Sirran shook his head. ‘We are lost. Even this fleet cannot outrun it.’
‘But the Raiders? They are lost too, aren’t they?’
Sirran stared over the High Priestess’s head at the onrushing storm. ‘No,’ he said. ‘They saw it before we did and they fled. Someone knew what it was and
they will probably survive.’
‘But who?’ asked Morag. Her eyes were blank, uncomprehending, as if unable to recognise what was happening.
‘It doesn’t matter who, you fool!’ Sirran said. ‘All that matters is that we get away, now!’
Morag nodded dumbly. Sirran shook his head and then turned to give the orders.

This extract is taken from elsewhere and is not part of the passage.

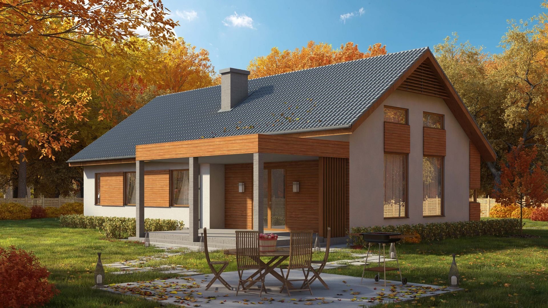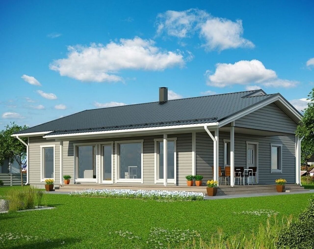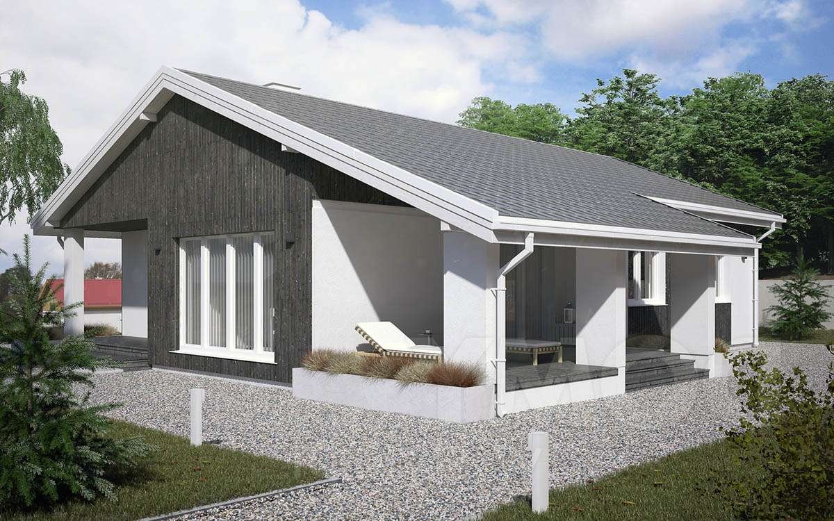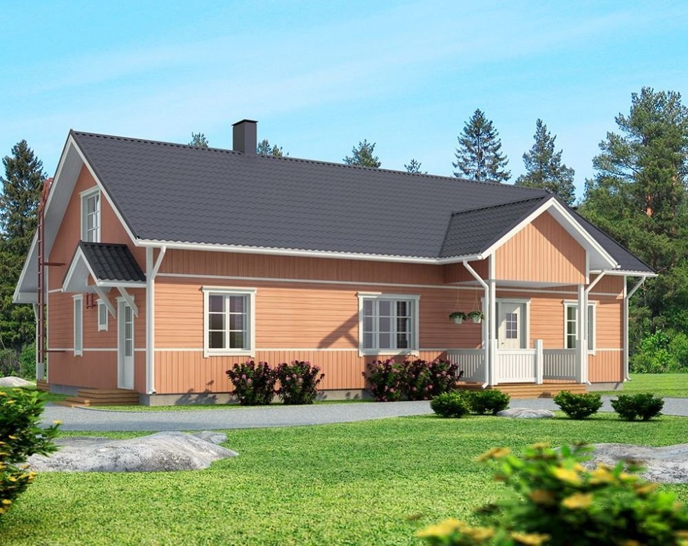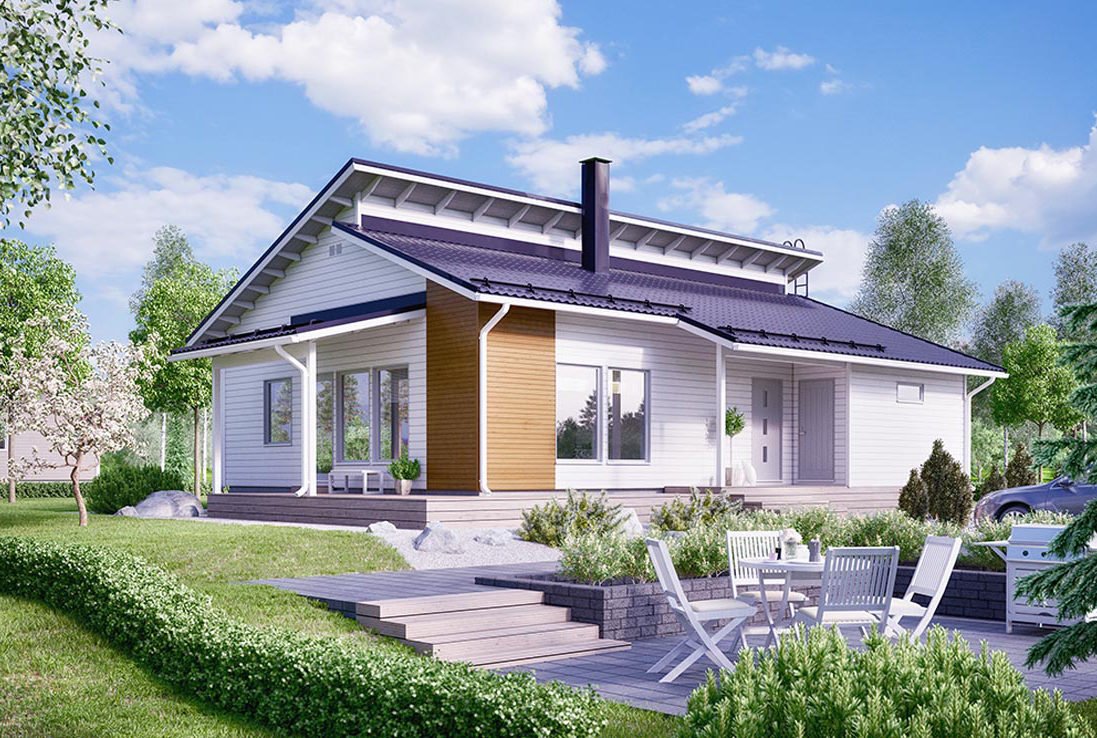 Одноэтажный финский дом с двускатной крышей

The fleet followed the Raiders north. As they scudded past the Wrested Archipelago, they ignored the frantic calls and signals from those onshore. The Raiders on the naked rocks had also seen the storm, and they could not escape its fury, but the Children of the Raft had neither time nor inclination to rescue their enemies, so they left them to their fate. Morag wondered why they wasted time going around the Archipelago rather than cutting through, but Sirran ignored her question.

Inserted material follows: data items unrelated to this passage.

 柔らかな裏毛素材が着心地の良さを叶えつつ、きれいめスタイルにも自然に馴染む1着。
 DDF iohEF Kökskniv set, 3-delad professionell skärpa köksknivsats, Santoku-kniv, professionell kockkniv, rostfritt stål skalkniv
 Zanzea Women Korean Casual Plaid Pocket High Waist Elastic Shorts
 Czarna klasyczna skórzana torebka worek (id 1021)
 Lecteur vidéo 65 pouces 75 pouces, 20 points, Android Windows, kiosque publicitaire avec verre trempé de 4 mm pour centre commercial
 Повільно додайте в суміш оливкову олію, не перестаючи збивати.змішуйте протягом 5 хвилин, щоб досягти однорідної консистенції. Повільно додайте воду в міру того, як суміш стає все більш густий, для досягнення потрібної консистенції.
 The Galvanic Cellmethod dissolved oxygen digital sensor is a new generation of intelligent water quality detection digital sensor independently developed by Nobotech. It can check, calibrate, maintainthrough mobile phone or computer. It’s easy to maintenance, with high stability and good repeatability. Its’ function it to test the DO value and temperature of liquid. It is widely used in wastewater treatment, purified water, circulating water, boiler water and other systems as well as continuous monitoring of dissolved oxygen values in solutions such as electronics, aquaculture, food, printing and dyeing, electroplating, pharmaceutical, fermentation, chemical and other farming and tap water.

‘We would stand no chance if we were caught in among the islands,’ Erin told her. ‘We may be able to survive in open water.’
But the time they lost was more than they had. Barely had they cleared the last of the islands when the storm hit them like a hammer.

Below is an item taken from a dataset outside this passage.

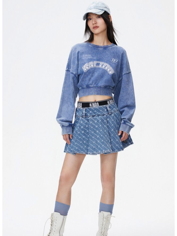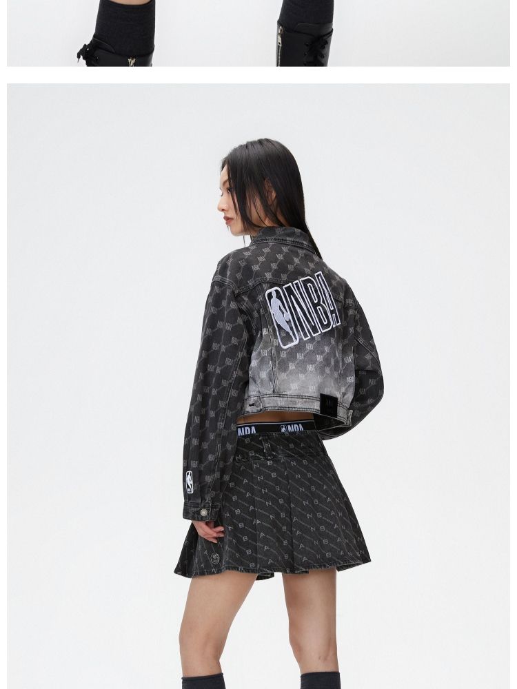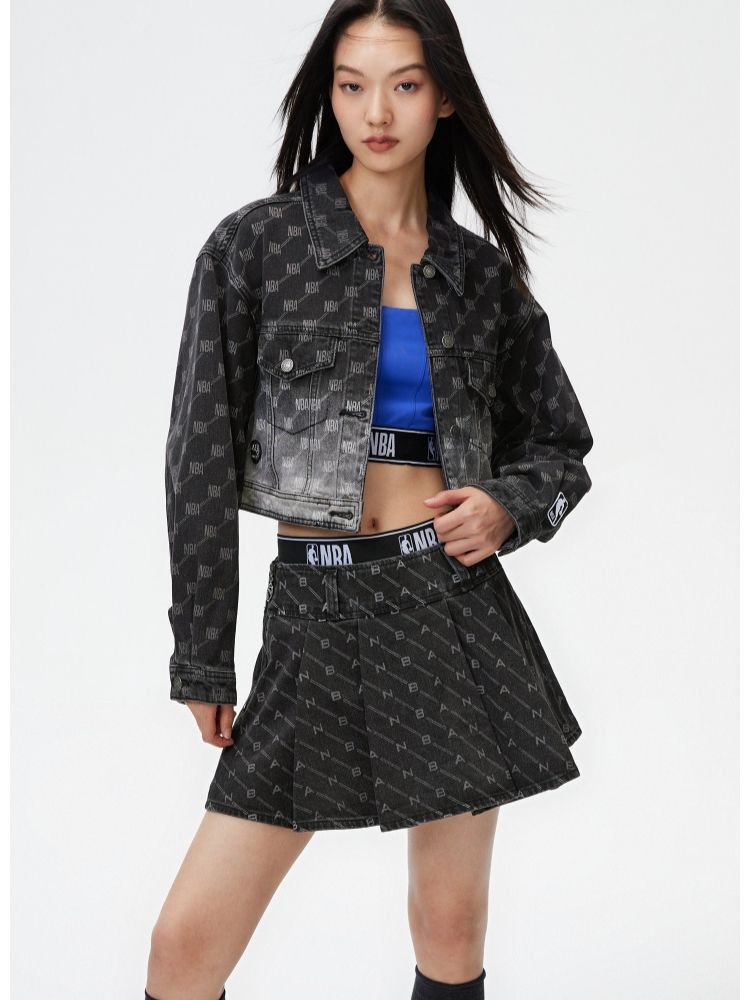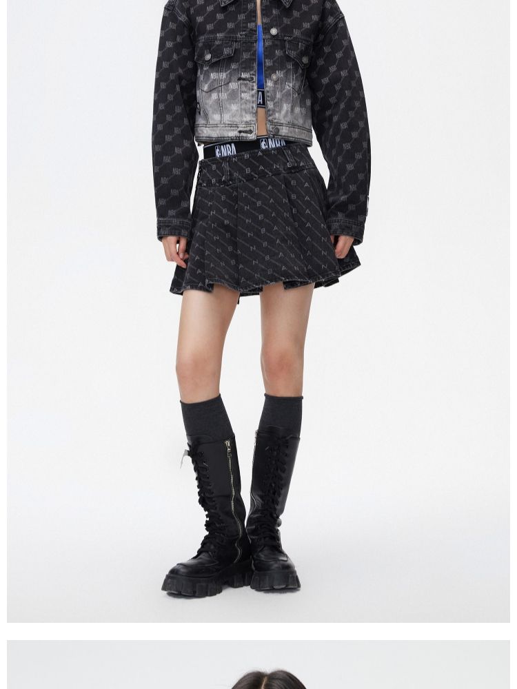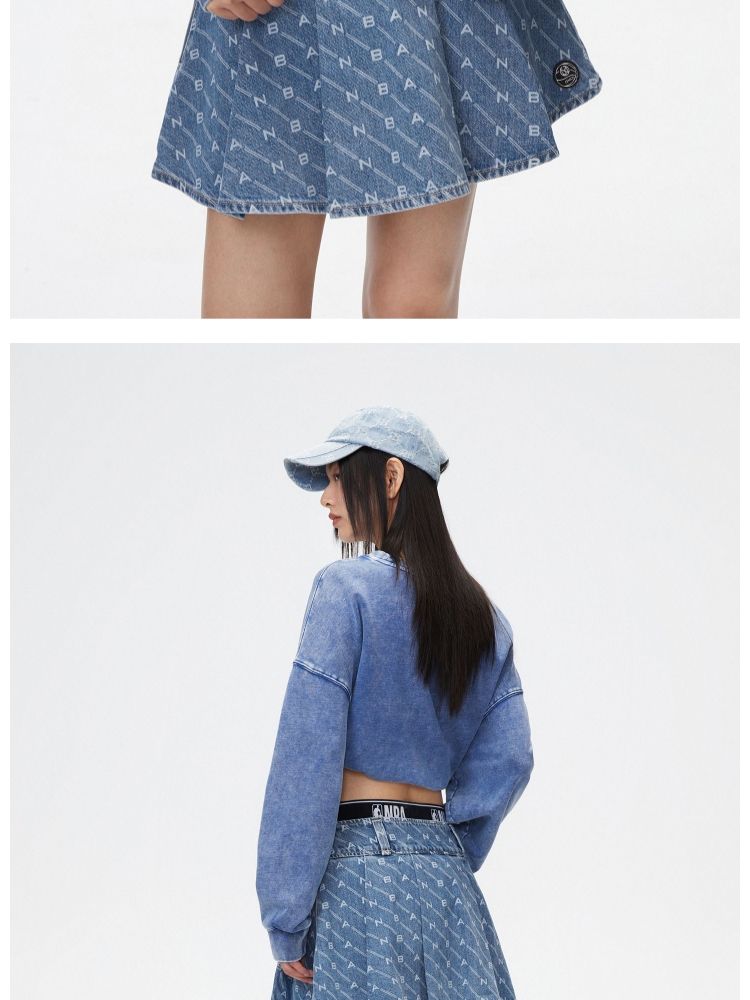 【NBA联名】夏季字母印花高腰牛仔百褶裙半身裙女 641178

Within seconds they were plunged into a world of screaming winds and driving rain. Mountainous seas, steep and black, soared around them, tossing the small attack boats like so much flotsam. They smashed over the islands of the Archipelago, sending white spray high into the winds. The terrified screams of the dying were lost in the deafening anger of the storm.
Lightning shattered the inky blackness, illuminating the nightmarish scene. More than one
sailor was hurled into the ravening sea as they released their grip to cover their ears as the thunder, so close as to be a single eruption, cracked across the wind.
With every lightning strike a new scene of terror flickered into view. They were coming so frequently that it was like a blink; each time another face starkly imprinted its mindless horror on Morag’s broken mind.
She clung for her life to the mast as the
Kelpie
alternately climbed up a wave face then plunged down. Her mind was beyond numb; it had simply ceased to function. No new information registered as her eyes jerked through stark scenes, each one a deeper trip into madness. She saw sailors, Novices, Priestesses hurled into the water or broken like dolls by the force of the winds. A fragment of her mind reminded her of Sirran. Of how he had been picked up bodily by a wave and carried away, cursing her as he died. At least she thought he had been cursing her; his words were lost, whipped from his lips before they found form.
Her arms, locked around the stub of the broken mast, burned with the pain of holding on. But what was left of her sanity would not allow them to move. She knew she was screaming but her voice was lost, shredded into the storm. Somewhere within her broken mind, she registered that her clothes had been torn from her and she lay naked before the Sea. Another part of her mind told her that this should mean something, but it was beyond her to know what it was. So she hung there, naked, frozen, battered by the wind and the waves, waiting to die.
Somehow, a thought intruded.
I lost
, she thought.
I tried, I tried so hard—but I lost.